Some young activists brought energy and fresh, even artful tactics to the protest. Some people carried mock coffins draped in stars and stripes to represent Americans who died in Iraq. Others dressed up like mice in a clever attempt to scare an elephant or two. At 15th Street, the young contingency had the entire block chanting “Move Bush, get out the way,” to the tune of the hip-hop artist Ludicrous’ hit single which instead of “Bush” employs another b-word.

Some of the youngest protesters, who will vote in November for the first time, were the most determined. Ulna Harvester of Connecticut has an18th birthday in October and admits that she is at odds politically with many of her classmates.

“We have our debates, but mostly they try to close my hand in lockers,” she said. “I would like to say to them, ‘Really think about what are you supporting. Is it the man or is it his policies? And are you really being helped by his policies?’” Hahrdester’s key concerns are education and foreign policy and she was enthusiastic about Sen. John Kerry, the Democratic nominee. “His ideas are going to turn the nation in a different direction, a better direction,” she said.

Meghan O’Dea, who described herself as a green-anarchist, will also turn 18 in October, just in time to vote. But she was rather under-whelmed with the Democratic candidate. “I am voting for Kerry. I don’t really trust Democrats or Republicans, but anybody but Bush,” she said. O’Dea flew in with her mother from Chattanooga. to protest the Republican convention. “The more they tried to say, ‘Oh, New Yorkers will be fleeing the city… It’s not worth coming, it will be this huge violent spectacle,’ the more I wanted to say, ‘No it won’t be, what we want is peace,’” she said.

In Chattanooga, O’Dea deals more with the apathy than the political opposition of her classmates. “I’ve been trying to get my friends more active and it’s difficult, but I do know a lot young people that I’ve met through activism who are active, but friends I met in high school, I’m still working on.”

As the start of the march stalled near 14th Street, 20-somethings were having a good time regardless of the heat and the delay. Some said they appreciated the “good vibe” on the streets and the peaceful nature of the massive crowd. Ingrid, a 20-year-old who declined to give her last name, was optimistic about her efforts. “If we don’t change the election outcome, at least we will show other countries that we don’t support the regime that we have right now,” she said, as she marched with her girlfriend.

Lowe was less certain that the peaceful message would reach the president, delegates and undecided voters. “It’s exciting and it feels empowering,” Lowe said. “There’s a lot of tension in the air. Hopefully some good will come of it and the mass media wont slander it too badly.”

Lowe was not alone in his suspicions of the mainstream media coverage of the protest.

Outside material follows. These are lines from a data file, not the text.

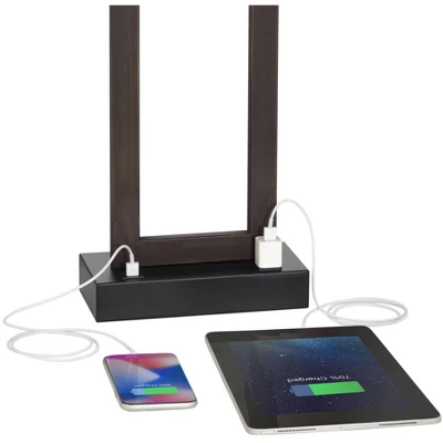 Put your room in a contemporary light with this modern table lamp from the 360 Lighting brand. A minimalist design, this lamp comes in a handsome bronze finish over a rectangular metal frame with an opened-up center. A rectangular oatmeal fabric shade on top completes the stylish geometric look. Best of all, this lamp has a USB port and an electrical outlet on the base, making it easy for you to charge your various devices.
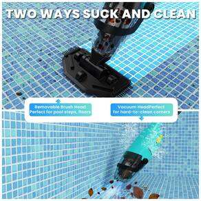 Este aspirador de piscina portátil é ideal para limpeza de piscinas acima do solo, spas e banheiras de hidromassagem. Com um motor forte, ele possui uma sucção poderosa capaz de capturar uma variedade de detritos, incluindo areia e pequenas pedras. A bateria de 6000mAH dura cerca de 60 minutos, proporcionando tempo suficiente para limpar toda a piscina. O aspirador vem com um poste telescópico que tem o comprimento mais curto de 85 cm ao mais longo de 175 cm, perfeito para limpar spas e banheiras de hidromassagem. Para piscinas acima do solo, você pode conectar a um poste padrão de comprimento adequado não incluído. A operação é fácil e sem ferramentas, basta conectar a unidade ao mastro da piscina incluído, ligar a unidade e você estará pronto para aspirar como faz no chão. É importante lembrar que a luz indicadora deve estar submersa para funcionar corretamente, caso contrário, irá parar de funcionar após os 60 anos. Livre se do irritante cabo ou mangueira e aproveite a limpeza da sua piscina com facilidade.
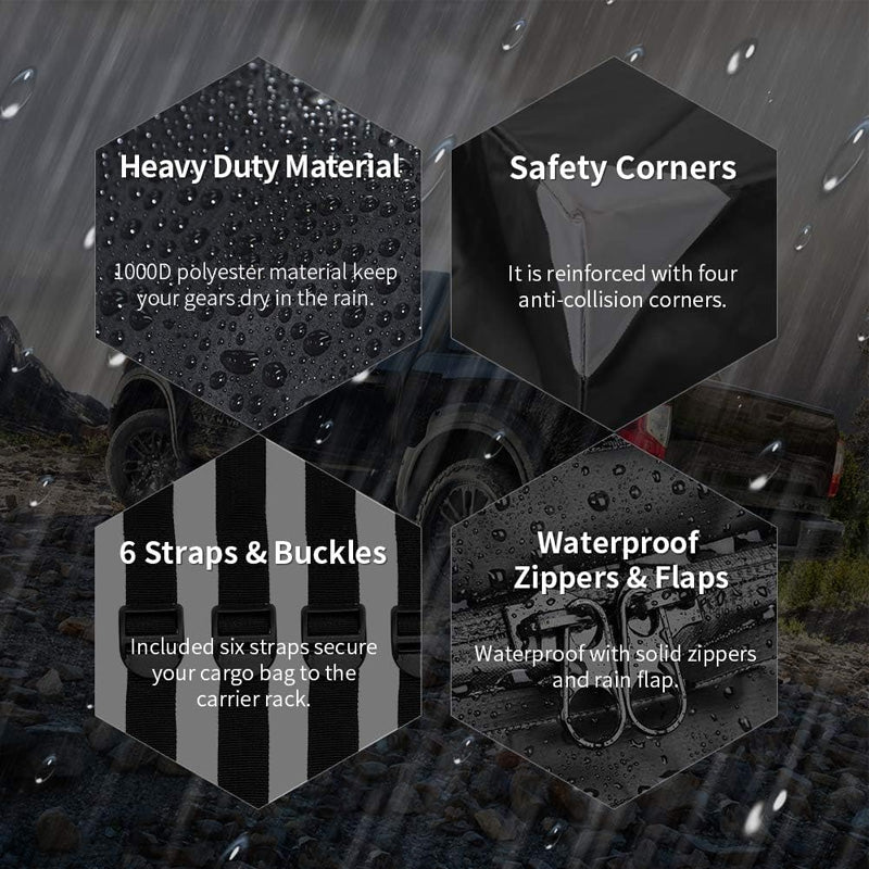 1. 1000D polyester material keepyour gears: dryin the rain. Provide 100% waterproof protection.
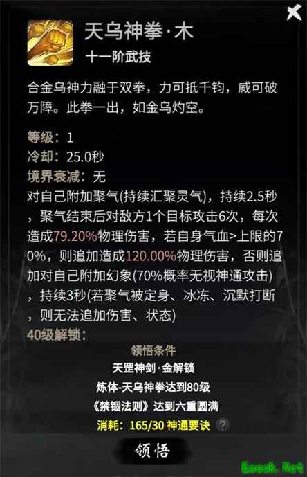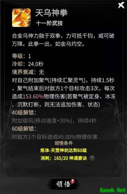 天乌神拳是强力的单体技能,经过持续1.5秒的灵气汇聚后,可对一个敌方攻击3次。
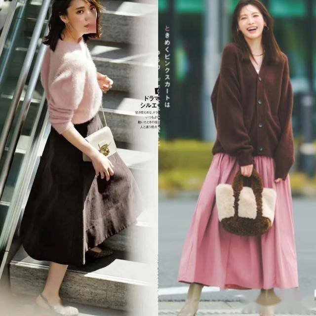 一件温柔软糯的粉色毛衣,带着温柔的女人味,搭配咖色的长裙,粉色跳跃感被咖色的沉稳压住,又显得生机勃勃,整体很有质感。
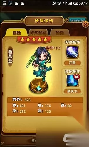 【基础属性】 品阶:五星13品 属性:雷 体691 攻176 防82 灵292 速133 战力623
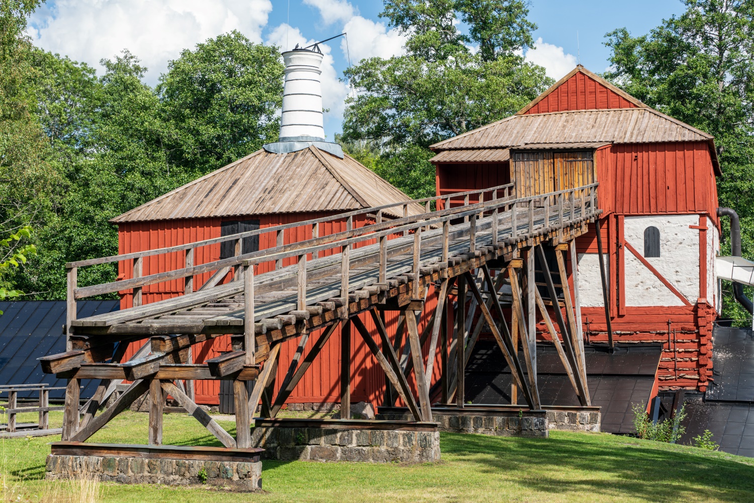 スウェーデン、ヴェストマンランド地方にある『エンゲルスベリの製鉄所』は、17~19世紀にかけてスウェーデンの鉄鋼産業に多大な影響を残しました。ここは、スウェーデンの基幹産業が、鉄鉱石の採掘、製鉄となるに至る歴史を伝える場所です。12世紀に農業活動を補うために、この地で鉄鉱石の採掘、製錬のための工場建設が始まりました。そして18世紀末には、鉱石粉砕機や炭貯蔵庫、そして現在も残る高炉などが当時の最新技術で導入され、生産量が大幅に増加します。しかし、技術の進歩に追いつけず、最終的には1919年に操業を停止しました。現在では高炉の他に、検査官の家や庭師の家、工場主の木造家屋など50軒以上の建物がほぼ完全な形で保存されています。
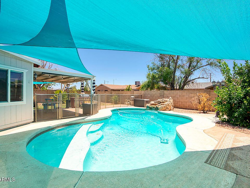 UNICORN ALERT! Whoa! They do exist! MOTIVATED SANE SELLER WHO WANTS TO SELL! This awesome 3 bedroom home with a large den/playroom is open and bright with just over 1800 square feet and a PERFECT BACKYARD! Grass, large covered patio plus a COOL POOL! It may be hot in Phoenix, but you will be entertaining and chilling poolside in no time! Fantastic open kitchen with granite counters overlooking the family room and bonus room. Dual pane windows too! Check out the primary bedroom, it is massive and has a great built out walk in closet. The elementary school is just down the street plus great shopping, restaurants and easy freeway access. This one is super cute and a fantastic neighborhood. Come see it before it disappears!
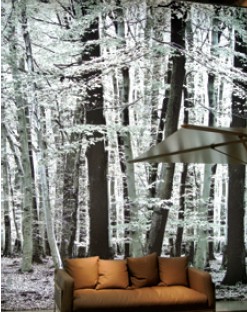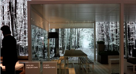2012年米蘭家具展某戶外家具品牌則大膽采用噴繪作為整個(gè)展廳的主背景,且效果甚佳。我們發(fā)現(xiàn),在其三面開敞的展位上,僅有一個(gè)背景墻,設(shè)計(jì)師將其全部覆蓋噴繪布。在這個(gè)以森林為場景的噴繪中,意大利人對角度的選取、對光線的處理以及對色彩的拿捏十分完美。一方面茂密的森林很好營造出戶外的意境,給人逼真的視覺效果,另一方面灰白的色調(diào)處理將背景與家具的層次有效拉開,背景的陪襯作用恰到好處,戶外家具的主體地位得到凸現(xiàn),主次分明、虛實(shí)結(jié)合。

By the time Congrucci had Madison Square Garden in his sights, protesters were chanting against the Fox News network, prompted by a very prominent billboard at the site of the convention.

“We are going to make a banner when we go home tonight and we’re going to hang it from our fire escape,” Congrucci said, perhaps inspired by Fox. “There is so much news that gets me depressed and then you come out here and you realize all the good things about being an American. Like that we can be here in the first place.”

Congrucci and his boyfriend were still discussing the banner’s message as they headed for lunch, after the march.

“‘My Bush smells like shit’ was a personal favorite,” he said. “And the ‘mad cowboy disease’ I like. Something like that.”